WHAT THE EXERCISE ASKS —
Please make an exact copy of the lines from the one holding "另外,为了提高轻载效率以及T" through the end of the data, both ends included, with no pictures.

STUDY MATERIAL —
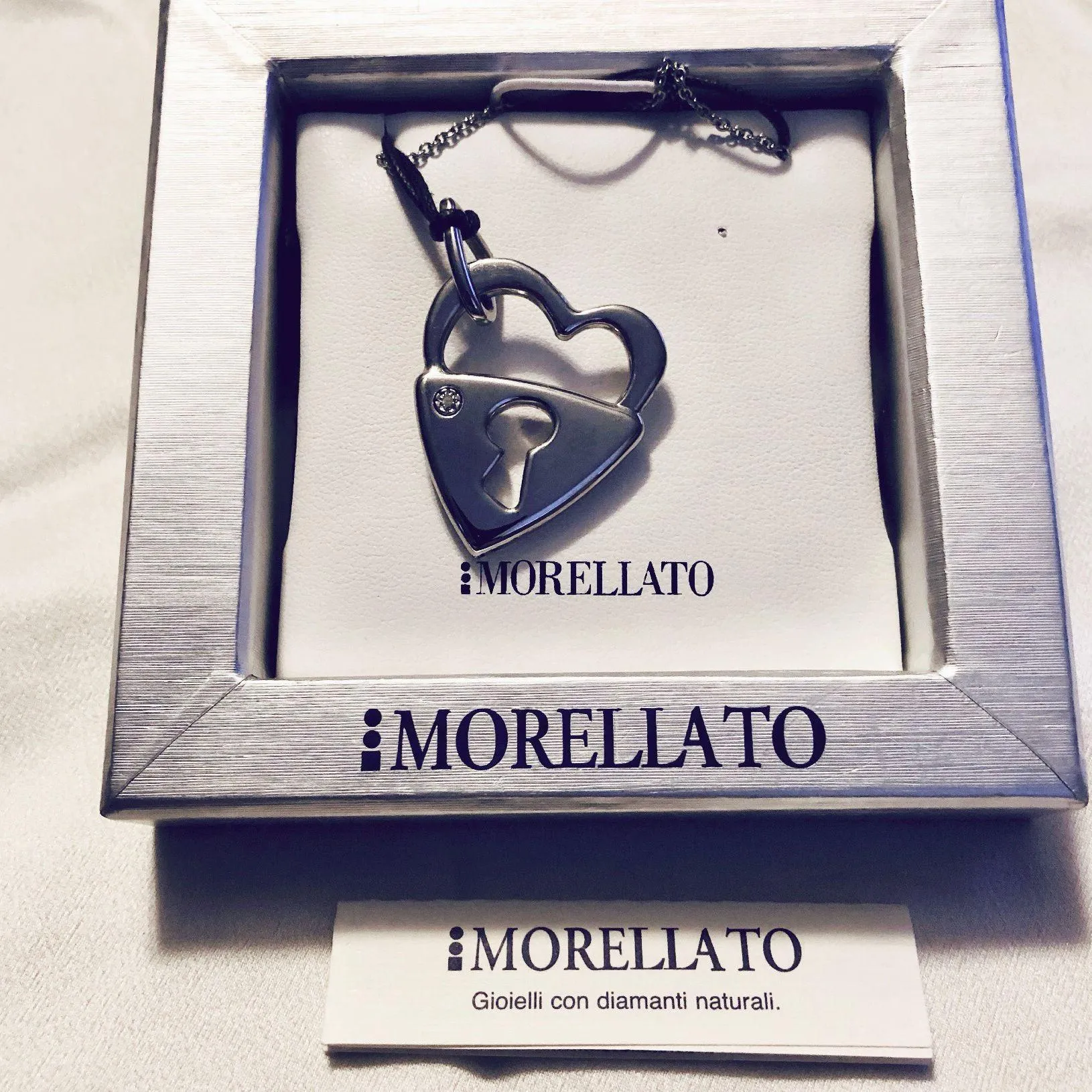 Modellato Made in Italy hand polished stainless steel heart lock pendant with natural diamond accent, has different interchangeable steel chain or leather string necklace, approximately 15” length, pendant measurements visible in pics. This beautiful piece is new in original box
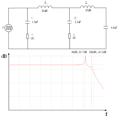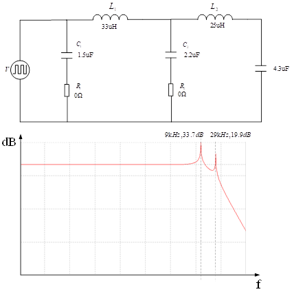 另外,为了提高轻载效率以及THD,方案在40%负载以下工作在单路模式,这对输入滤波器提出了更高的要求。如图14所示,为方案中采用两级滤波器仿真模型图以及滤波器的幅频特性。
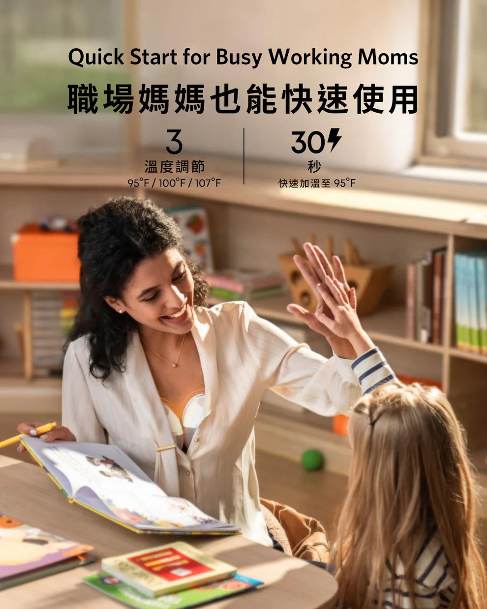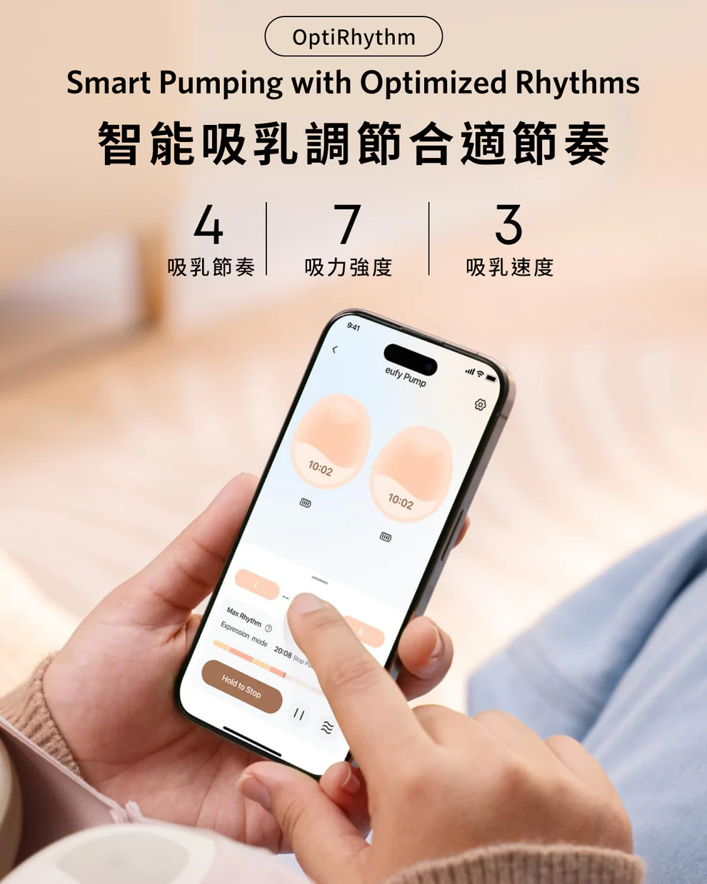 特設 HeatFlow™ 溫熱技術提升吸乳效率 HeatFlow™ 溫熱技術提供 3 個溫度調節 ( 95°F / 100°F / 107°F ), 改善母乳流動,減少阻塞並增加乳量*, 給你如同水療般溫暖舒適 。 *基於300+ eufy 吸奶器使用者實際使用後反映。根據Gardner, H., Lai, C.t., Ward, L C., et al. 於科學期刊《Nature》中發表的研究"Thermal Physiology of the Lactating Nipple influences the Removal of Human Milk"表示,乳頭溫度每提升1°C,產乳量平均增加10ml。 方便忙碌的媽媽能快速使用 HeatFlow™ 溫熱技術可在 30 秒內加熱至 95°F*, 讓忙碌的媽媽也能快速開始吸乳。 *數據基於內部實驗所得。實際表現可能會因不同使用情況而有所不同。 OptiRhythm 調節吸乳節奏 提供 4 個預設節奏模式(強力、標準、輕柔、自然模式)、7 個吸啜強度及 3 個循環速度以配合你的乳量需求, 讓你體驗解放雙手的方便舒適感。 醫療級吸力及食品級材質 提供最大 300mmHg 安全的醫療級吸力提高產乳量。105°人體工學曲面設計防漏及舒適貼乳,所有貼膚的部件均由不含BPA、食品級物料製成,配戴舒適使用安心。 細小輕巧 安靜使用 輕巧的機身使穿戴更輕鬆,配合雙重密封的防漏設計, 且運行時音量僅約 46 db, 適合戴在內衣內使用。 輕鬆清洗 僅 4 個配件,讓你清潔消毒時更輕鬆拆卸。 產品規格 加熱溫度: 3檔調節 - 35°C, 38°C, 42°C (95℉, 100℉, 107℉) OptiRhythm: 4個預設節奏 吸啜強度: 300 mmHg 醫療級吸力, 7 個強度, 3 速度 音量: 46dB 容量: 150ml (5 oz.) 集乳瓶 使用時間: 2.5小時 (最多6次) 再充電時間: 約 1.7 小時 (5V/1A) 內附: 吸乳器連24mm矽膠喇叭罩 x 2, 17/19/21mm 尺寸塞, 鴨嘴閥門 ×2, 乳頭尺寸量度卡, USB-C 充電線 ×2
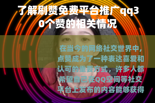在当今的网络社交世界中,点赞成为了一种表达喜爱和认可的重要方式,许多人都希望自己在QQ空间等社交平台上发布的内容能够获得更多的赞,以展示自己的人气和魅力,而刷赞免费平台推广qq30个赞的现象也随之出现。
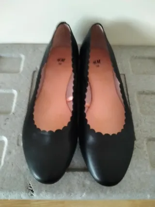 Manoletinas H&M de color negro con un diseño festoneado. - Detalle festoneado en el borde. - Interior en tono rosa pálido. - Logo de H&M en la plantilla.
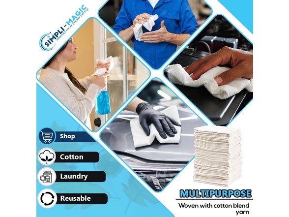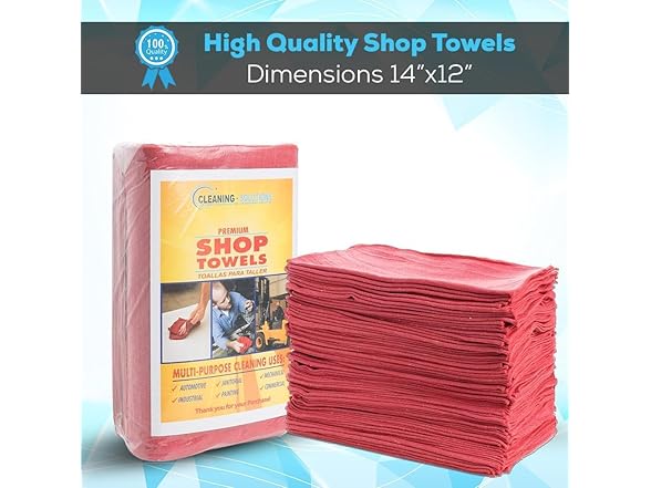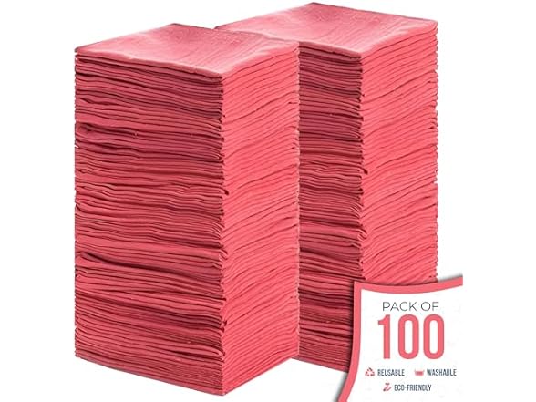 Simpli-Magic Premium Shop Towels 14”x12”, 100 Pack, Commercial Grade, Red or White
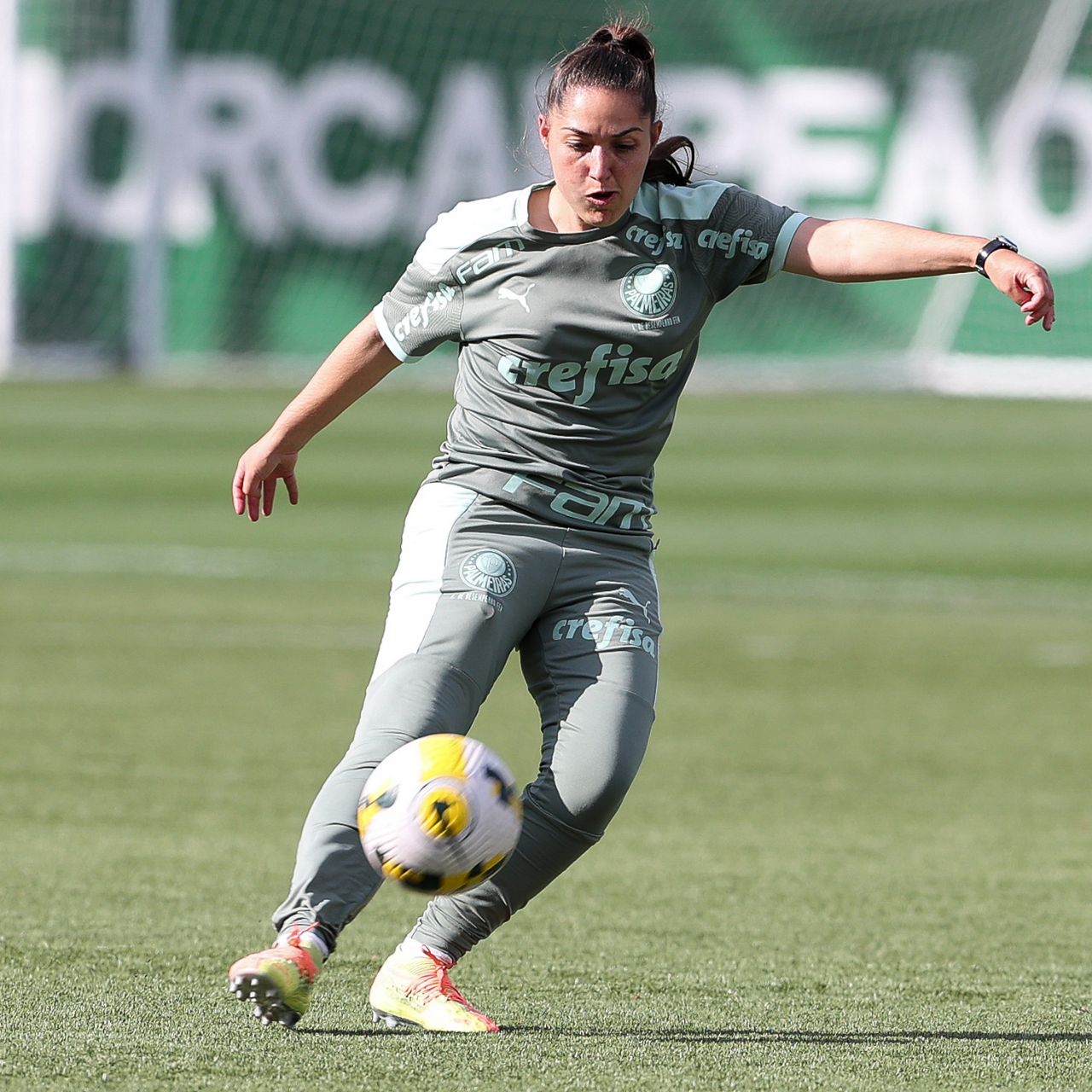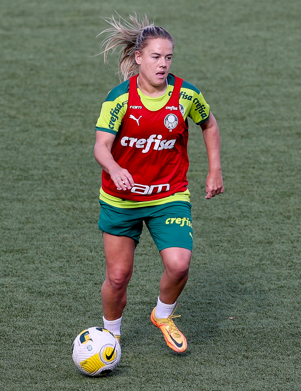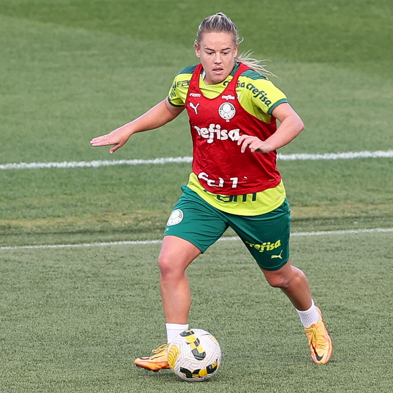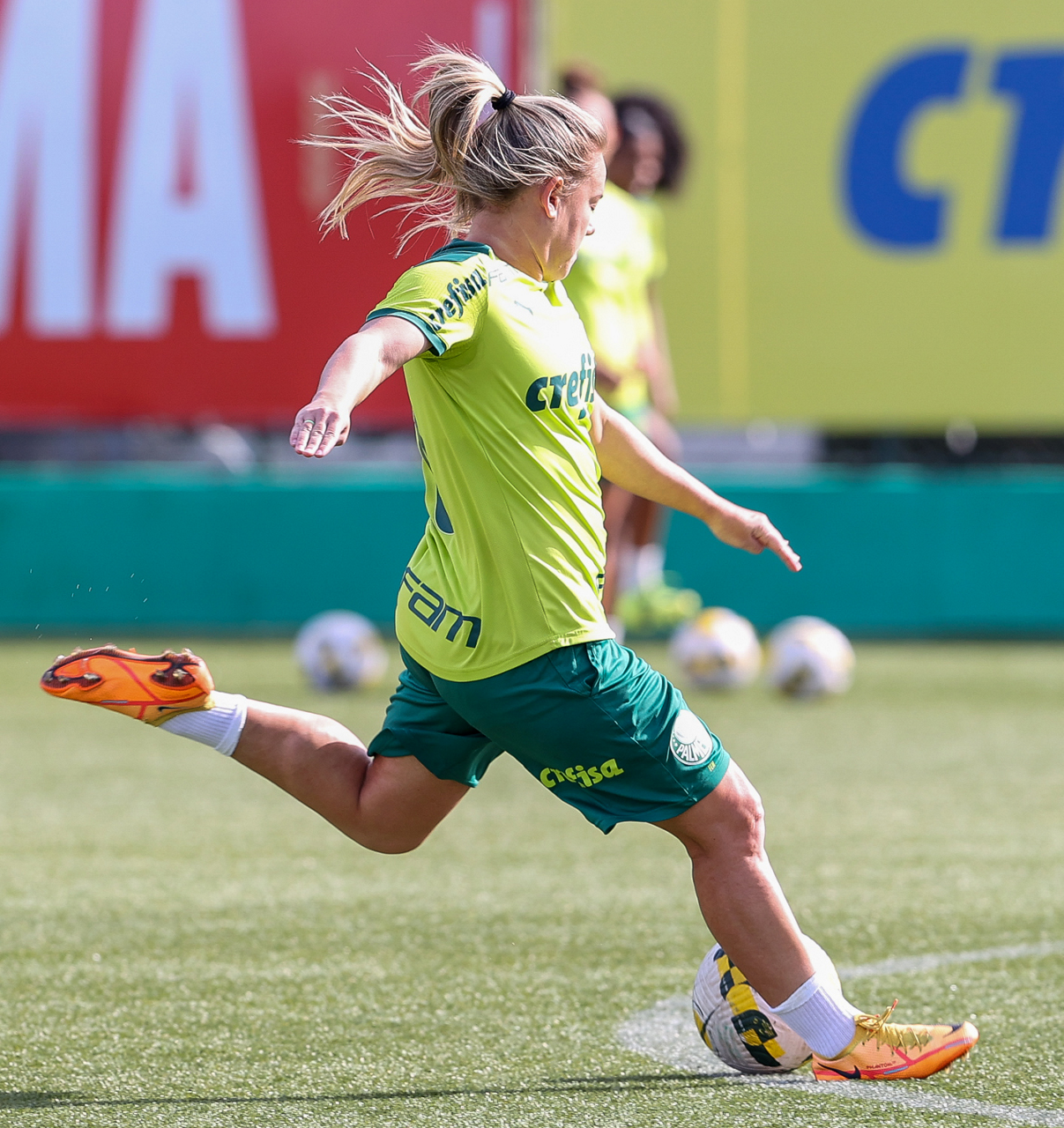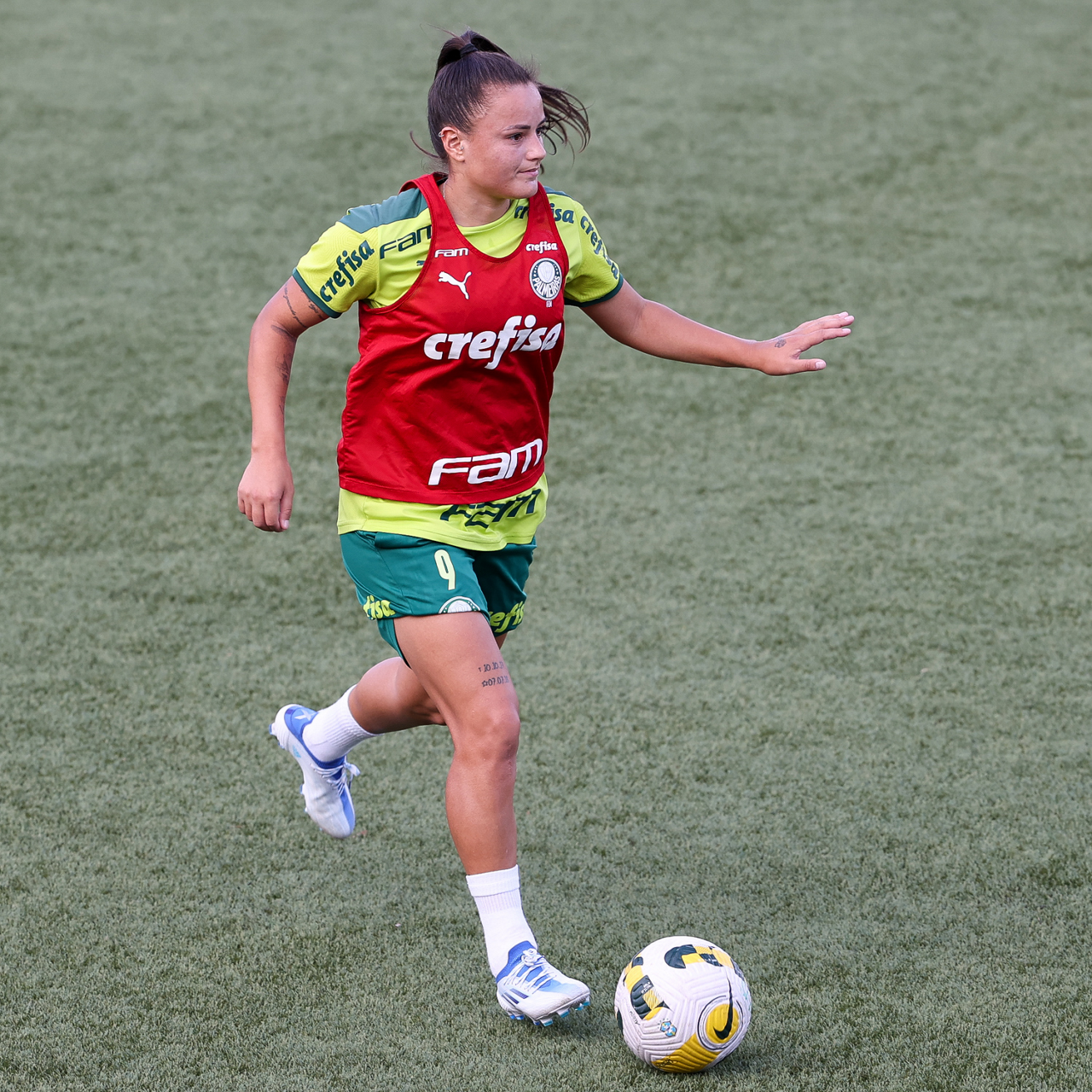 As atletas da equipe feminina da SE Palmeiras, durante treinamento na Academia de Futebol, em São Paulo-SP. (Foto: Fabio Menotti)

SOLVED PROBLEM —
 另外,为了提高轻载效率以及THD,方案在40%负载以下工作在单路模式,这对输入滤波器提出了更高的要求。如图14所示,为方案中采用两级滤波器仿真模型图以及滤波器的幅频特性。
 特設 HeatFlow™ 溫熱技術提升吸乳效率 HeatFlow™ 溫熱技術提供 3 個溫度調節 ( 95°F / 100°F / 107°F ), 改善母乳流動,減少阻塞並增加乳量*, 給你如同水療般溫暖舒適 。 *基於300+ eufy 吸奶器使用者實際使用後反映。根據Gardner, H., Lai, C.t., Ward, L C., et al. 於科學期刊《Nature》中發表的研究"Thermal Physiology of the Lactating Nipple influences the Removal of Human Milk"表示,乳頭溫度每提升1°C,產乳量平均增加10ml。 方便忙碌的媽媽能快速使用 HeatFlow™ 溫熱技術可在 30 秒內加熱至 95°F*, 讓忙碌的媽媽也能快速開始吸乳。 *數據基於內部實驗所得。實際表現可能會因不同使用情況而有所不同。 OptiRhythm 調節吸乳節奏 提供 4 個預設節奏模式(強力、標準、輕柔、自然模式)、7 個吸啜強度及 3 個循環速度以配合你的乳量需求, 讓你體驗解放雙手的方便舒適感。 醫療級吸力及食品級材質 提供最大 300mmHg 安全的醫療級吸力提高產乳量。105°人體工學曲面設計防漏及舒適貼乳,所有貼膚的部件均由不含BPA、食品級物料製成,配戴舒適使用安心。 細小輕巧 安靜使用 輕巧的機身使穿戴更輕鬆,配合雙重密封的防漏設計, 且運行時音量僅約 46 db, 適合戴在內衣內使用。 輕鬆清洗 僅 4 個配件,讓你清潔消毒時更輕鬆拆卸。 產品規格 加熱溫度: 3檔調節 - 35°C, 38°C, 42°C (95℉, 100℉, 107℉) OptiRhythm: 4個預設節奏 吸啜強度: 300 mmHg 醫療級吸力, 7 個強度, 3 速度 音量: 46dB 容量: 150ml (5 oz.) 集乳瓶 使用時間: 2.5小時 (最多6次) 再充電時間: 約 1.7 小時 (5V/1A) 內附: 吸乳器連24mm矽膠喇叭罩 x 2, 17/19/21mm 尺寸塞, 鴨嘴閥門 ×2, 乳頭尺寸量度卡, USB-C 充電線 ×2
在当今的网络社交世界中,点赞成为了一种表达喜爱和认可的重要方式,许多人都希望自己在QQ空间等社交平台上发布的内容能够获得更多的赞,以展示自己的人气和魅力,而刷赞免费平台推广qq30个赞的现象也随之出现。
 Manoletinas H&M de color negro con un diseño festoneado. - Detalle festoneado en el borde. - Interior en tono rosa pálido. - Logo de H&M en la plantilla.
 Simpli-Magic Premium Shop Towels 14”x12”, 100 Pack, Commercial Grade, Red or White
 As atletas da equipe feminina da SE Palmeiras, durante treinamento na Academia de Futebol, em São Paulo-SP. (Foto: Fabio Menotti)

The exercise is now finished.